#### [Data for this exercise]
== == ==

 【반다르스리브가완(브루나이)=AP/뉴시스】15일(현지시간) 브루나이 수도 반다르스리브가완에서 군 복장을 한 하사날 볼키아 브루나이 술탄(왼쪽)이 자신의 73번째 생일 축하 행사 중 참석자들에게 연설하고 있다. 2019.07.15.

== == ==

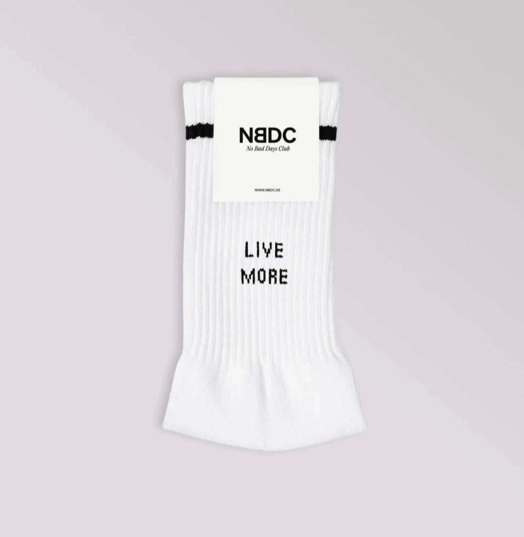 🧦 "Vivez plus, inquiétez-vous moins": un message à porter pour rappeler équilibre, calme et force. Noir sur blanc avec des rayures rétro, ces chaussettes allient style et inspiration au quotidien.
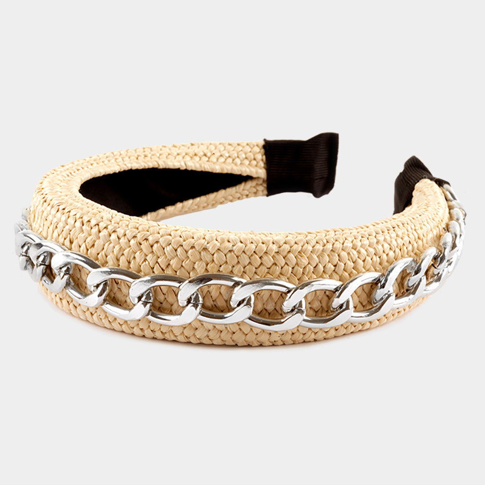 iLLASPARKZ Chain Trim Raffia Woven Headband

== == ==

#### [What you need to do]
Your answer must be everything above from the line with "inspiration au quotidien." down to the line with "iLLASPARKZ Chain Trim Raffia Woven Headband", word for word, and no pictures.

#### [Answer for the task]
 🧦 "Vivez plus, inquiétez-vous moins": un message à porter pour rappeler équilibre, calme et force. Noir sur blanc avec des rayures rétro, ces chaussettes allient style et inspiration au quotidien.
 iLLASPARKZ Chain Trim Raffia Woven Headband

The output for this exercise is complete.